Proventia Web Filter runs separately from Kernun UTM on a machine with a Microsoft Windows, Linux, or FreeBSD (with Linux emulation) operating system. It is configured by its own graphical management console, available for Microsoft Windows. In order to work with Kernun UTM, Proventia Web Filter must be configured as described in section Web Filter of manual page http-proxy(8). Especially, ICAP Integration must be enabled. Moreover, if the Web filter rules take user names into account, User Profile Support must be enabled.

Figure 5.76. An HTTP proxy configured for use of an external Web filter

An HTTP proxy configured for use of an external Web filter

The relevant part of HTTP proxy configuration is depicted in Figure 5.76, “An HTTP proxy configured for use of an external Web filter”. The parameters of the connection to the Proventia Web Filter server are specified by section web-filter. Note the port number 1344, which is used by default for the ICAP protocol by Proventia Web Filter. The sample configuration contains also a fail-ok item, which means that all requests are to be accepted if Kernun UTM cannot communication with the Web filter. Without this item, all requests would be rejected until the connection to the Web filter would be restored.

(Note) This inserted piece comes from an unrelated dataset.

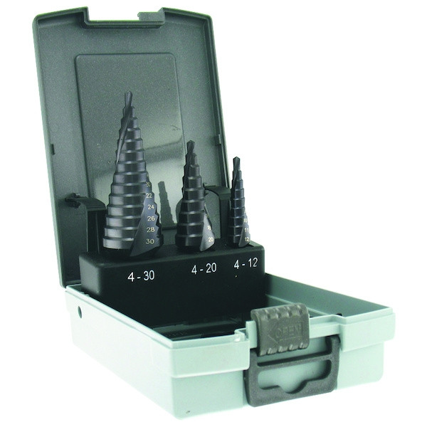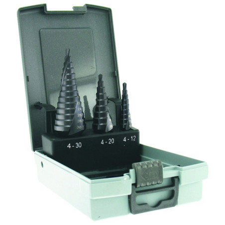 Coffret de 3 forets Ø 4-12. 4-20 et 4-30 mm Pour des perçages rapides dans les tôles d'acier résistantes et les plastiques. Grande durée de vie. Goujures hélicoïdales. affûtage pointe en croix autocentrant.

Requests that are accept-ed by a request-acl with a web-filter item will be forwarded to the Web filter server. If the Web filter accepts the request, the proxy will continue with the normal request processing[40]. If the Web filter rejects the request, the proxy will terminate the processing of the request and return an error HTML page to the client. An example of a Web site blocked by the Web filter is shown in Figure 5.77, “A Web server blocked by the Web filter”.

Figure 5.77. A Web server blocked by the Web filter

A Web server blocked by the Web filter



[40] The request will be sent to the destination server and its response will be returned to the client.